A holiday trip to enjoy German Christmas can make your season bright! And what better place to celebrate than in the region where many of our Christmas traditions began? A Christmas in Germany carries with it all the feelings of love and family we have come to know in every part of the world, but with a strong taste of the old-fashioned.

As you walk the lighted streets of Germany in the evening, you may see letters lying on the windowsills. These decorated letters are being left by the children for Christkind, a winged person with white robes and a gold crown who gives out gifts.

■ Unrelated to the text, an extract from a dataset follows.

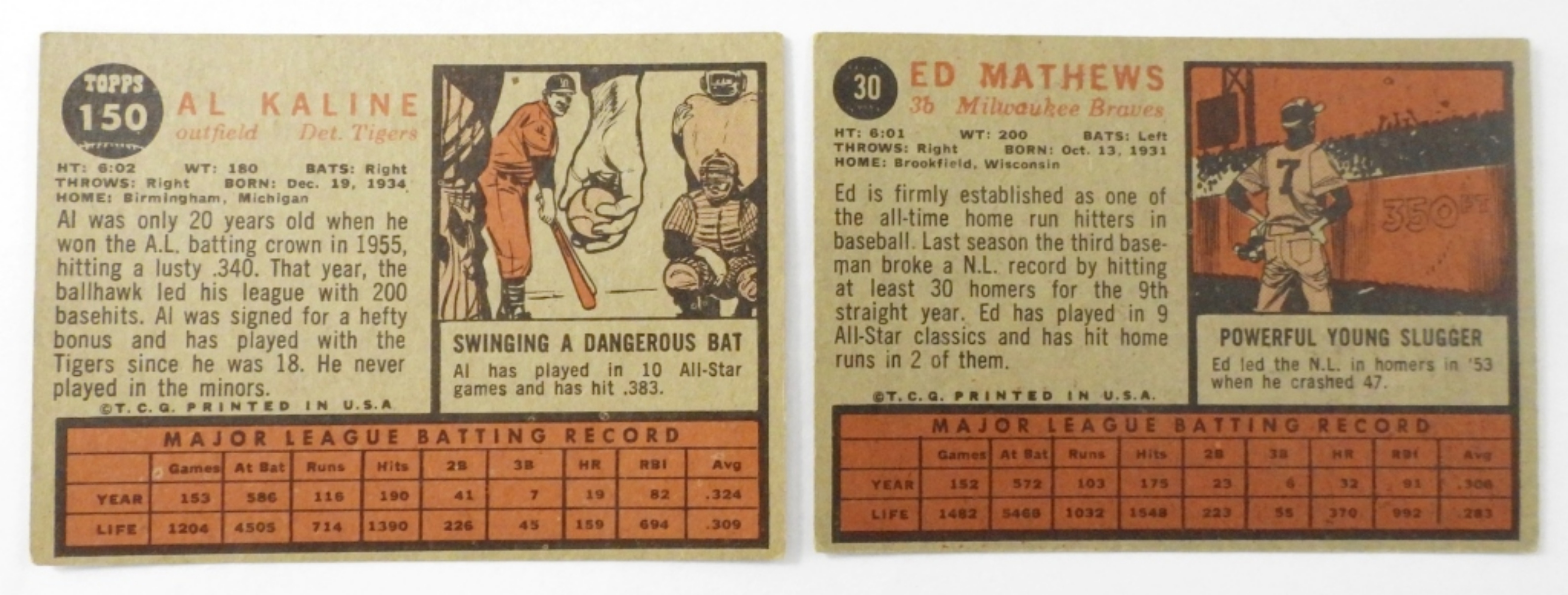 (2) 1962 TOPPS BASEBALL CARDS #30ED MATHEWS & #150 AL KLINE (VG/VGEX)

All around the city or town you will find wreathes and lights. A German Christmas has everything sparkling red, green, and white with Christmas trees alight in nearly every window.

You’ll really love the Christmas markets, where you can buy all kinds of sweets, holiday gifts and toys for the children. Some of the favorite German Christmas candy is marzipan. Sometimes these are shaped like fruits or animals.

The Christmas market is called Christkindlmarkt or Weihnachtsmarkt, and you’ll discover the larger ones in Frankfurt, Berlin or any of the bigger German cities and towns. But almost every town will have at least one small market where you can get many treats. The most famous Christkindlmarkt is in Nuremberg, and this one is also one of the oldest, dating back to around 1628.

German Christmas time starts early in December. At times you’ll even find holiday activities begin at the end of November. On December 5th, you may see shoes or boots outside the doors of homes. The next day is Nikolaustag, or Saint Claus Day, and if the child was good, he or she will find presents. If they were bad, they may only find a rod. :-)

On the evening of the 6th, the German Christmas preparations begin in earnest, with much baking being done. Folks will often make time to create their own gifts and decorations at this time.

Around the 20th of December, on or near the winter solstice, some celebrate Thomasnacht. If you see a woman running outside to hug a tree, know that this is to bring a good harvest for the coming year. ;-)

At Christmas in Germany, the 24th of December is the most important day of the holiday. The tree is often decorated at this time. After a filling and delicious dinner everyone waits for Weihnachtsmann (Santa) who brings the gifts.

Christmas Eve is also considered to be an important time to enjoy great food. The common belief is that someone who doesn’t eat well on this night will be haunted by demons after going to bed. So a person should feel obligated to take part in feasting on some macaroni salad, sausage and suckling pig.

When the Christmas tree is decorated, it stands as a beautiful creation for the children’s joy. The mother of the family will place candy, cookies, apples, tinsel and nuts on its branches to amaze the kids when they are finally allowed to view it.

On the 25th and 26th of December, most Germans spend these days visiting friends and family as the traditional activity. It’s a time of love and peace throughout the country, and a time to enjoy a family holiday like no other.

If you have the opportunity to visit Germany over the Christmas holidays, you’ll find a wealth of fun and tradition. You can experience an old-fashioned German Christmas that the whole family won’t soon forget.